**DATASET SECTION:**
---

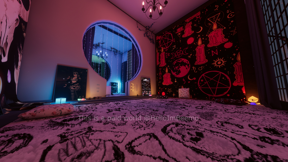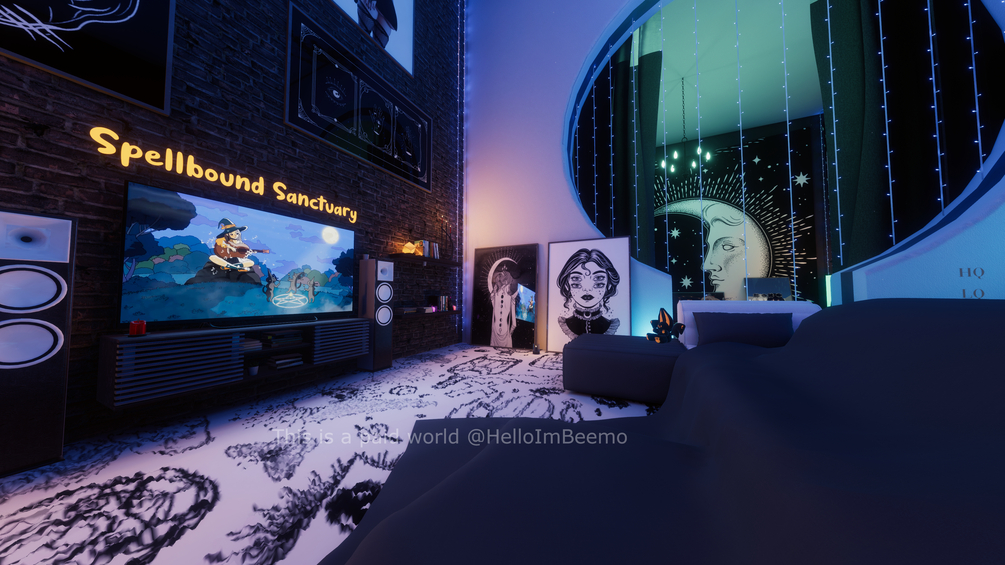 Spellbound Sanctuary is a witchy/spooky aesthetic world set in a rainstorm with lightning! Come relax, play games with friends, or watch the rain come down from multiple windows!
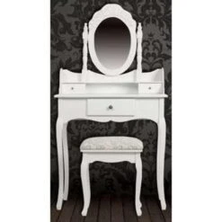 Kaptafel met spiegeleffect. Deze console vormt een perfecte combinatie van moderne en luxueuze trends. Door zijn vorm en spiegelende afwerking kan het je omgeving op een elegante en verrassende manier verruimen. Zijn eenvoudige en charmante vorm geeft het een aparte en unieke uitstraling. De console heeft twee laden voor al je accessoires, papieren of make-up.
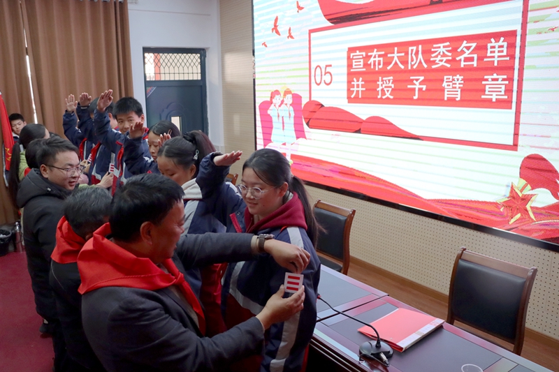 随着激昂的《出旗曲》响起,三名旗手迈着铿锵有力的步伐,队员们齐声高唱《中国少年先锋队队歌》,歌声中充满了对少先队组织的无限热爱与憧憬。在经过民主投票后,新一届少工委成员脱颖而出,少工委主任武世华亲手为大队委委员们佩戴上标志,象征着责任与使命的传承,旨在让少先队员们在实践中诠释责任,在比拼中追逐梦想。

---

**ACTIVITY:** Without including any picture, write out the material above exactly.

**RESULT:**
 Spellbound Sanctuary is a witchy/spooky aesthetic world set in a rainstorm with lightning! Come relax, play games with friends, or watch the rain come down from multiple windows!
 Kaptafel met spiegeleffect. Deze console vormt een perfecte combinatie van moderne en luxueuze trends. Door zijn vorm en spiegelende afwerking kan het je omgeving op een elegante en verrassende manier verruimen. Zijn eenvoudige en charmante vorm geeft het een aparte en unieke uitstraling. De console heeft twee laden voor al je accessoires, papieren of make-up.
 随着激昂的《出旗曲》响起,三名旗手迈着铿锵有力的步伐,队员们齐声高唱《中国少年先锋队队歌》,歌声中充满了对少先队组织的无限热爱与憧憬。在经过民主投票后,新一届少工委成员脱颖而出,少工委主任武世华亲手为大队委委员们佩戴上标志,象征着责任与使命的传承,旨在让少先队员们在实践中诠释责任,在比拼中追逐梦想。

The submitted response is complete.